Bourgi also advised President Nicolas Sarkozy but denied  passing cash to him — a denial questioned by others, including  supporters of Villepin, whose potential challenge to Sarkozy at April’s election would follow years of bitter in-fighting in the  Gaullist movement that long dominated the French centre-right.

Sarkozy’s aides denied he had any link to the allegations, though his far-right opponent, Marine Le Pen, was quick to forecast that the affair would hurt the president’s campaign.

Bourgi later told French TV station BFM-TV that Le Pen’s father Jean-Marie had received financing for his 1988 presidential campaign from former Gabon President Omar Bongo.

“It’s ridiculous and unbelievable,” Jean-Marie Le Pen told RTL radio, adding he had never met Bourgi and would also sue.

French parties suffered several scandals since the 1990s for breaching strict legal rules on campaign funding.
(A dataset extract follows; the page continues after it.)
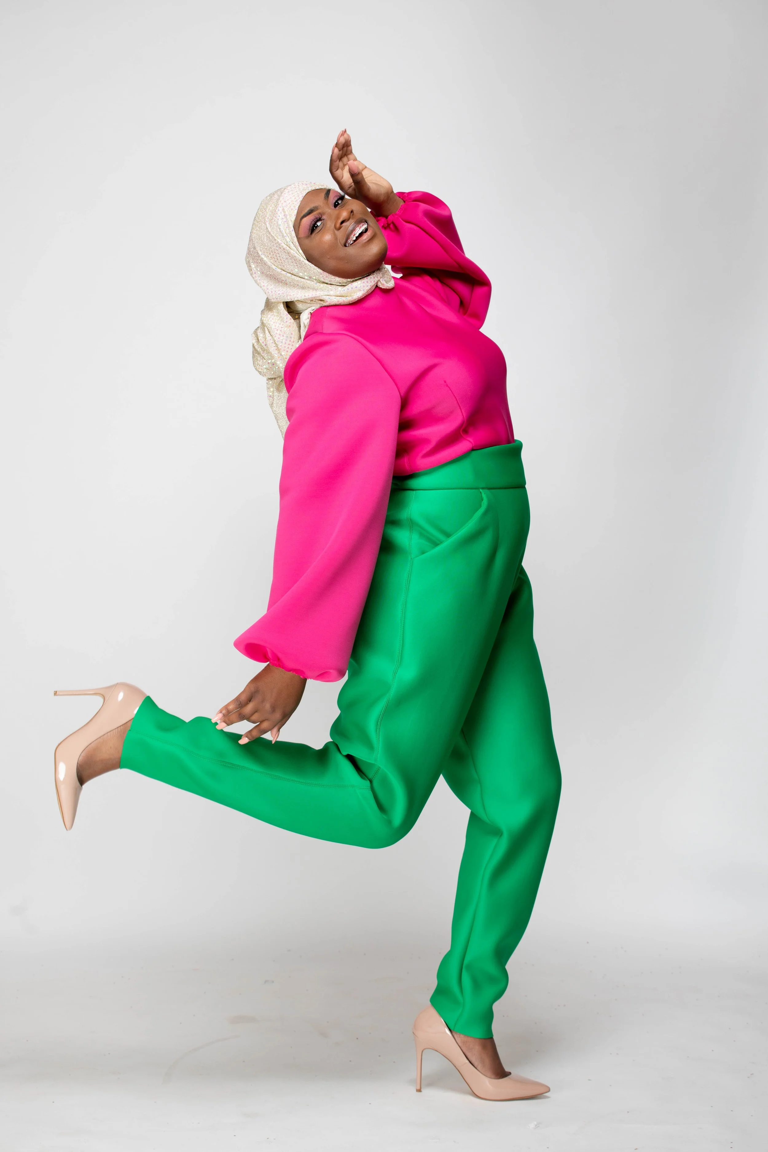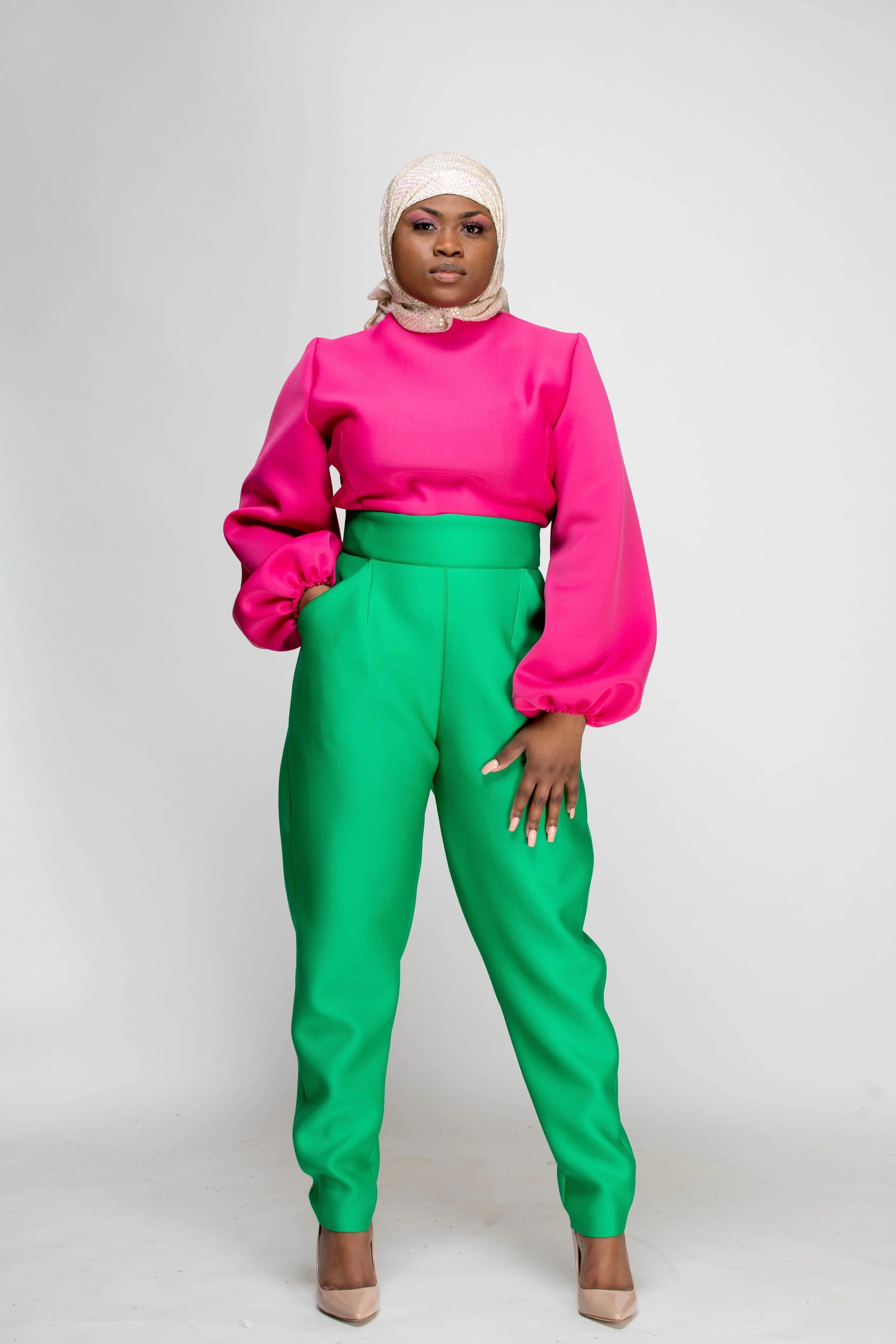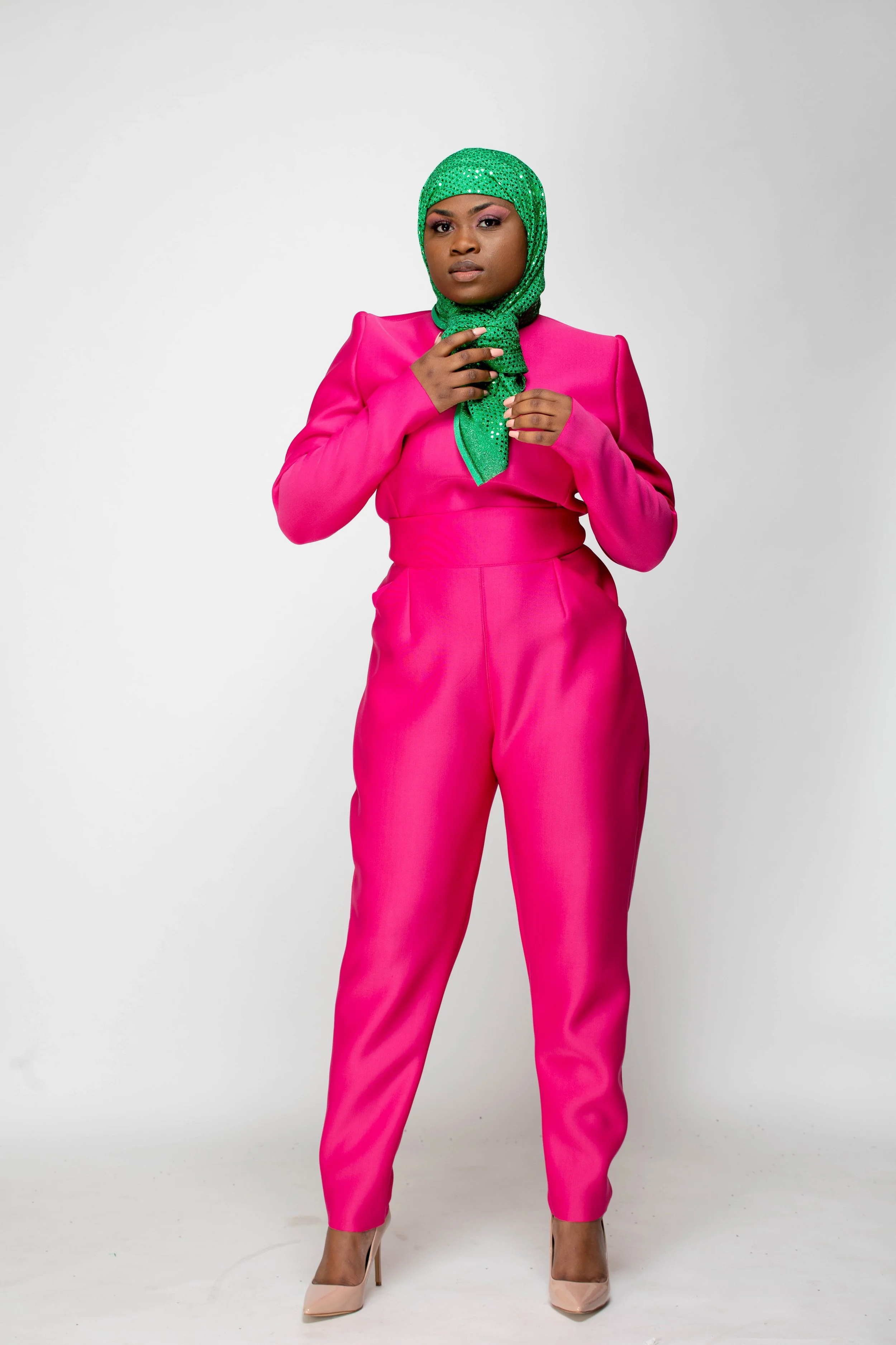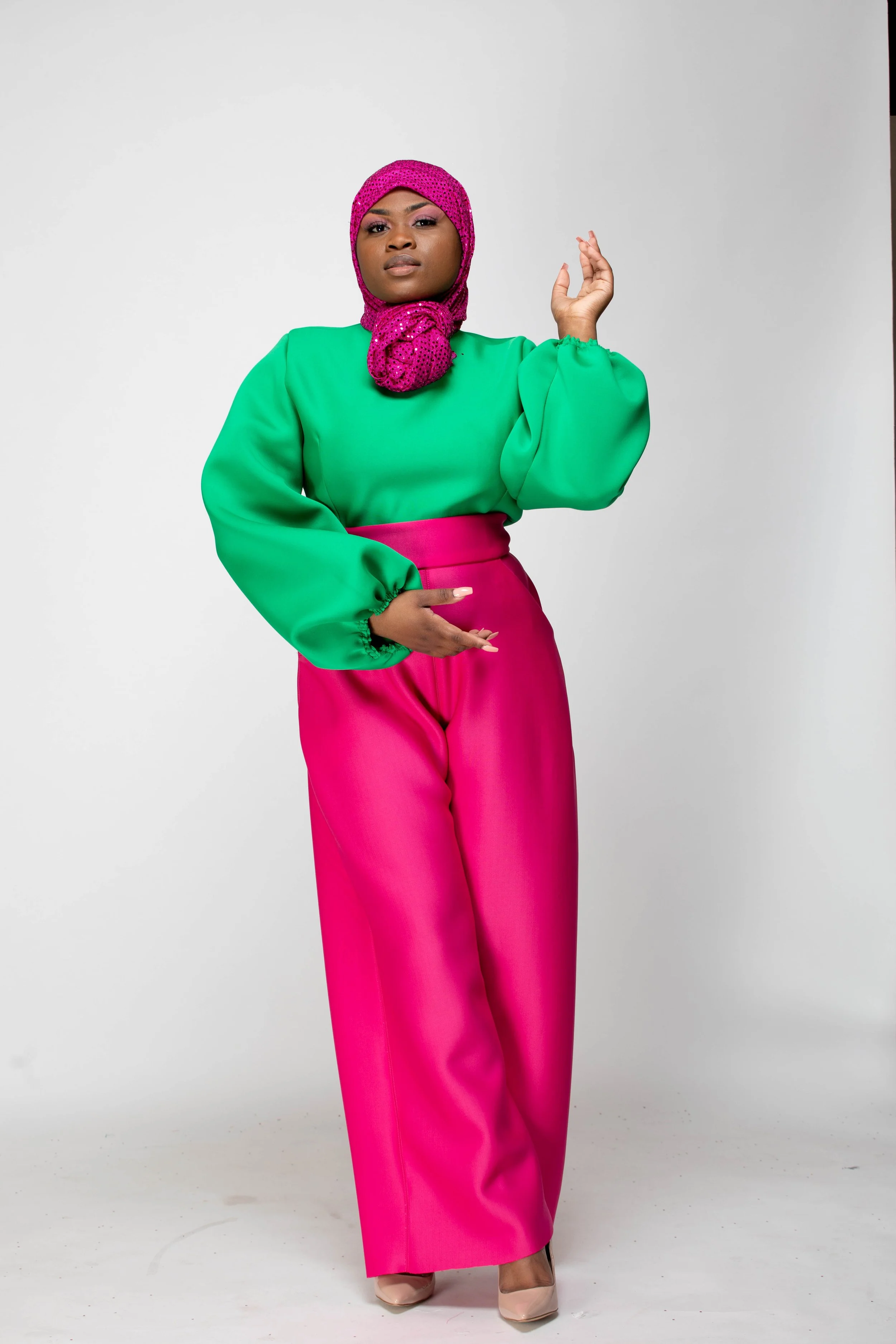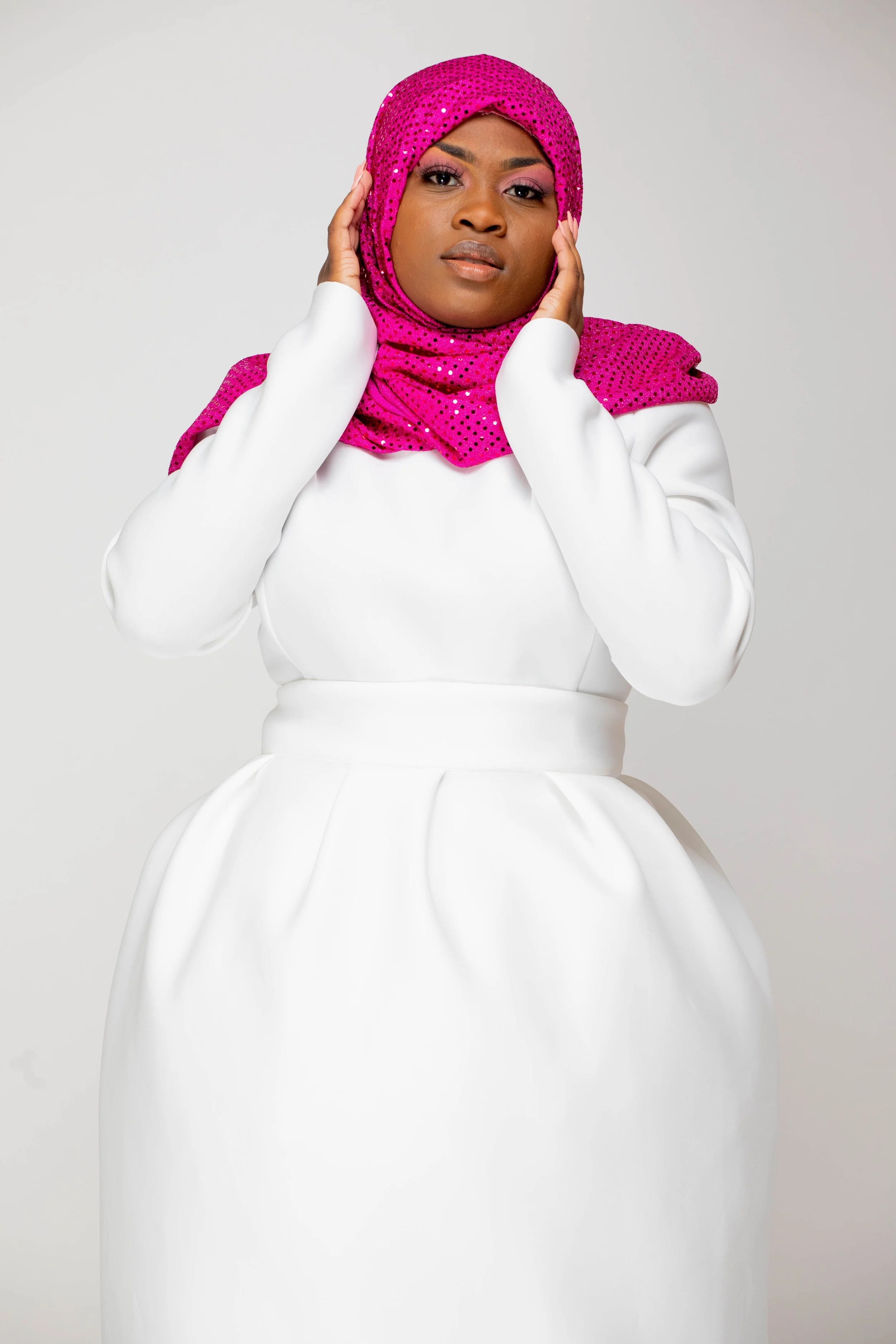 The color palette honors Mrs. Beyah’s Alpha Kappa Alpha lineage, the PHirst sorority of the Divine 9, just as Mrs. Beyah was the first to see my potential. The hijab and silhouettes reflect her Muslim grace, the way she merges modesty and modernity with effortless elegance. Even the unedited photographs echo her “professional authenticity,” teaching me that truth is its own beauty.

Bourgi, said the practice of tapping African allies — part of a patronage network commonly known as “Francafrique” — went back to the 1960s, and he believed few politicians were unaware of it.

Chirac, whose party long enjoyed particularly warm ties with the autocratic rulers of former colonies, is on trial at present on charges of misusing public funds when he was mayor of Paris. His lawyers say the 78-year-old is not mentally fit to testify.

“I estimate the amount I delivered to Chirac and Dominique de Villepin between 1995 and 2005 at $20 million,” Bourgi told Europe 1 radio yesterday, following up on an interview with Sunday’s Journal du Dimanche newspaper in which he described himself as a “bag carrier” for the two politicians.

“I saw Chirac and Villepin count the money,” Bourgi said of alleged visits to their offices carrying bundles of banknotes.

The 66-year-old lawyer said he delivered money concealed in suitcases or disguised in a variety of containers — from African drums to advertising posters. The cash was donated, he  said, by the leaders of Senegal, Burkina Faso, Ivory Coast, Congo and Gabon, two of whom — Abdoulaye Wade of Senegal and Blaise Compaore of Burkina Faso — are still in office.